That's what everyone else does but it not working out maybr a need to use a bottle coozie.


----------



## Smackdaddy53 (Dec 31, 2012)

Backcountry 16 said:


> Attached the platform yesterday took for a test drive in the River and like it in the back it's good for a seat. Haven't poled off of it yet but will be this weekend coming up for sure.


I hate to tell you this but I think you are going to be hitting your motor cowling with your push pole a lot with the platform that far in front of it. I had the same issue on my last boat and the platform was even closer to the motor than yours is. I may be wrong but I'm pretty sure of it.


----------



## Backcountry 16 (Mar 15, 2016)

Smackdaddy53 said:


> I hate to tell you this but I think you are going to be hitting your motor cowling with your push pole a lot with the platform that far in front of it. I had the same issue on my last boat and the platform was even closer to the motor than yours is. I may be wrong but I'm pretty sure of it.

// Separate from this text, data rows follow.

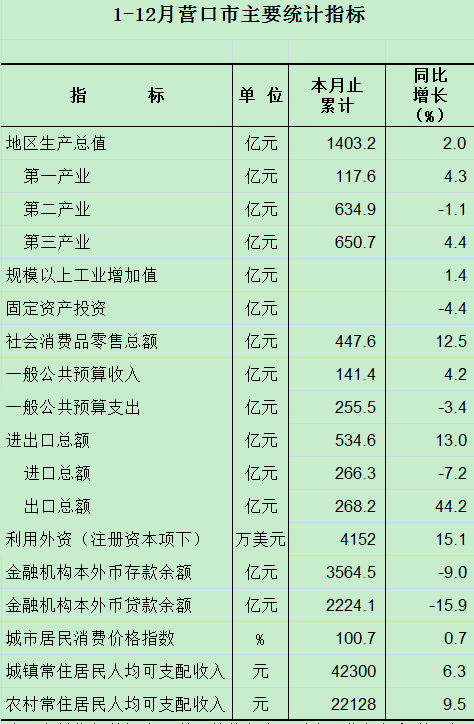 (遼寧?。I口市2021年全年地區(qū)生產(chǎn)總值統(tǒng)一核算結(jié)果
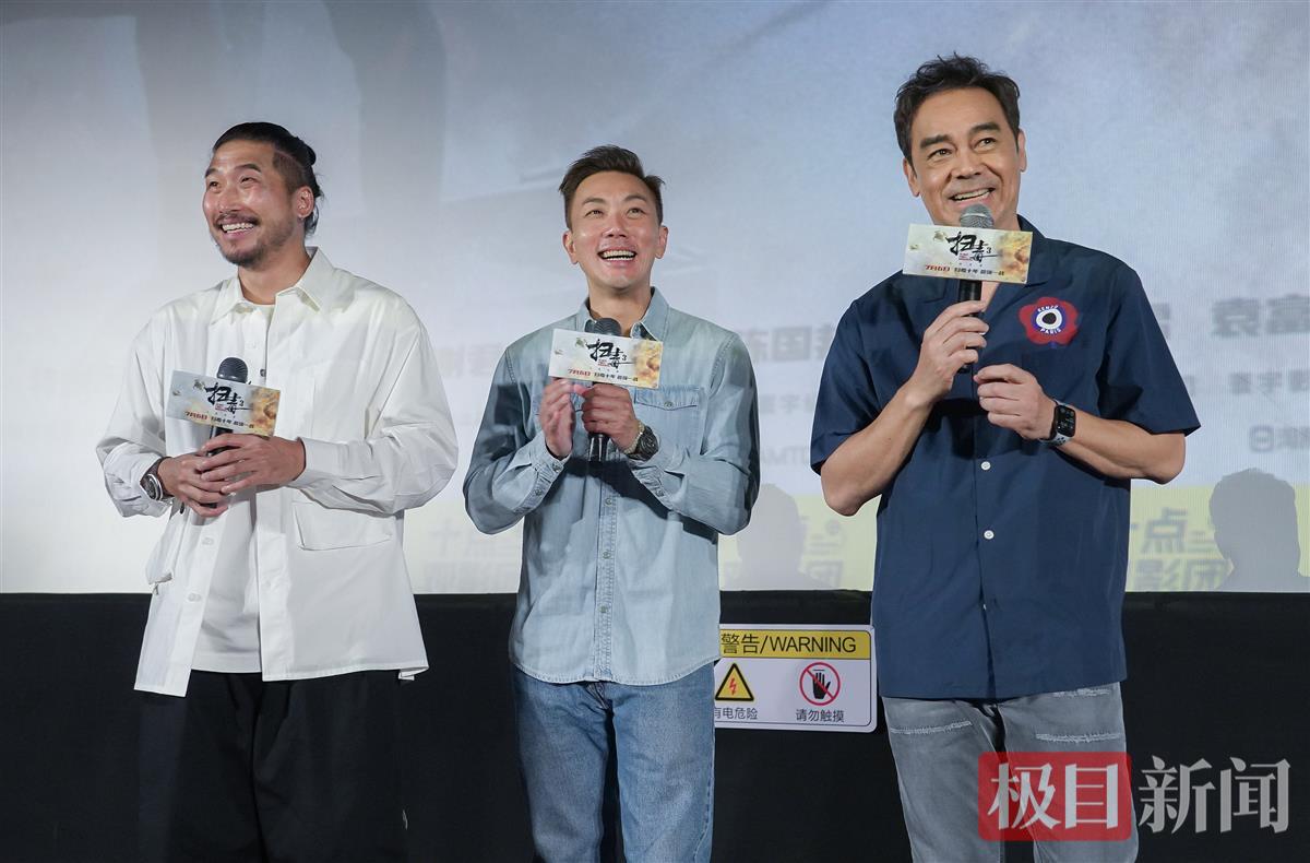 值得一提的是,《扫毒3》剧组还邀请了湖北网络大V“孝警阿特”参加见面会。这位在短视频平台拥有数千万粉丝的警察博主盛赞刘青云的演技,称他演的毒枭“心狠手辣、丧心病狂”,让他“职业病犯了”,想把刘青云“抓”起来。刘青云闻言也附和道,“那《扫毒4》没有我了,我被‘抓’了。”
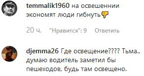 "Где освещение???? Тьма... думаю, водитель заметил бы пешеходов, будь там освещено", - согласился djemma26. "Правительство [...] ничего не делает, все дороги должны быть освещены, тем более пешеходный переход", - написал mailrush___03.11.89.
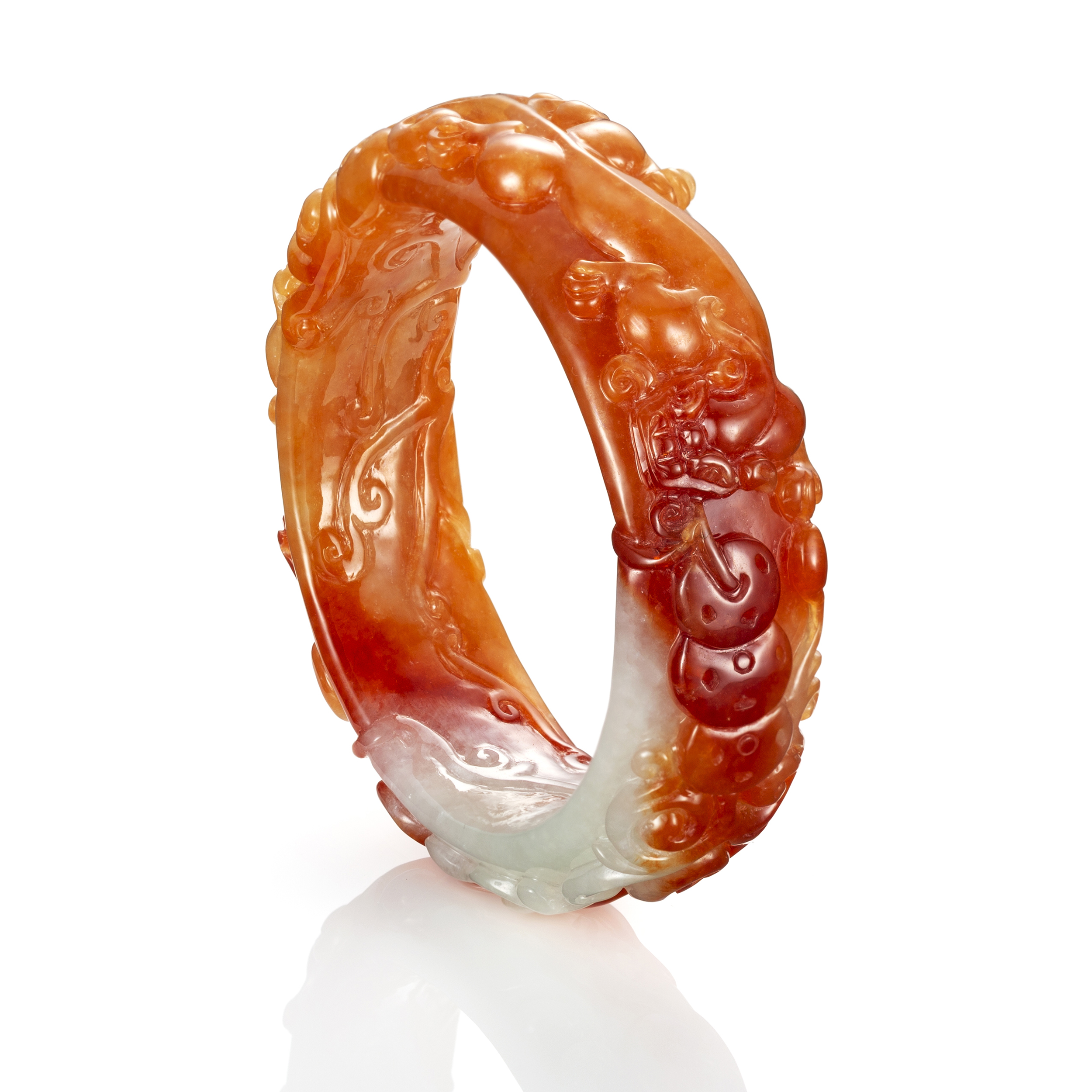以玉鐲的鐲面觀之,最常見的,即是平滑光素的鐲面,這也是最經典的造型。除此之外,有些鐲面,琢以菱紋,原本平滑的鐲面,化作細細小小的幾何圖樣,別具個性;或巧琢為竹節,有古典風情,透散靜謐內涵的氣韻;或琢為麻花狀,尤能表現工藝之美;而在寬版式的鐲面上,則有更豐富的刀筆設計,祥瑞圖紋,刻劃其間,寓旨明確,含蘊美好的祝願。
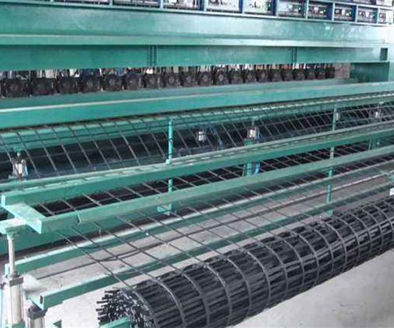 鋼塑土工格柵以高強(qiáng)鋼絲(或其他纖維),經(jīng)特殊處理,與聚乙烯(PE),并添加其他助劑,通過擠出使之成為復(fù)合型高強(qiáng)抗拉條帶,且表面有粗糙壓紋,則為高強(qiáng)加筋土工帶。由此單帶,經(jīng)縱、橫按一定間距編制或夾合排列,采用特殊強(qiáng)化粘接的熔焊技術(shù)焊接其交接點(diǎn)而成型,則為加筋土工格柵。
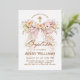 Invitación Con Relieve Metalizado Bloom Floral Bow Girl Baptism
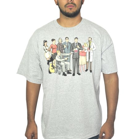 Light grey short sleeve tee, crew neck with full color Archer's main characters graphic. 100% Licensed and Authentic.

I am probably going to get another tie down and move it to the front I put it there so I could still open the hatch without taking off the platform everytime. I hope to try and go out this weekend to the salt water and see how it works I will probably end up having a poling platform built.


----------



## ZaneD (Feb 28, 2017)

Backcountry 16 said:


> I am probably going to get another tie down and move it to the front I put it there so I could still open the hatch without taking off the platform everytime. I hope to try and go out this weekend to the salt water and see how it works I will probably end up having a poling platform built.


Build the platform!! When you said you’d get something custom built I was hoping to see something along the lines of the old school whipray platform with flared front legs. I wish mine had something like that, my tiller hits the platform legs and somewhat limits my turning radius.

But I think poling from that low casting platform is going to be tough.


----------



## Backcountry 16 (Mar 15, 2016)

It will definitely have flared legs on it to account for the tiller extension that's why I didn't have Ankona install one for me. Going to try the platform first I would like to spend my platform money on a power pole for my action craft.


----------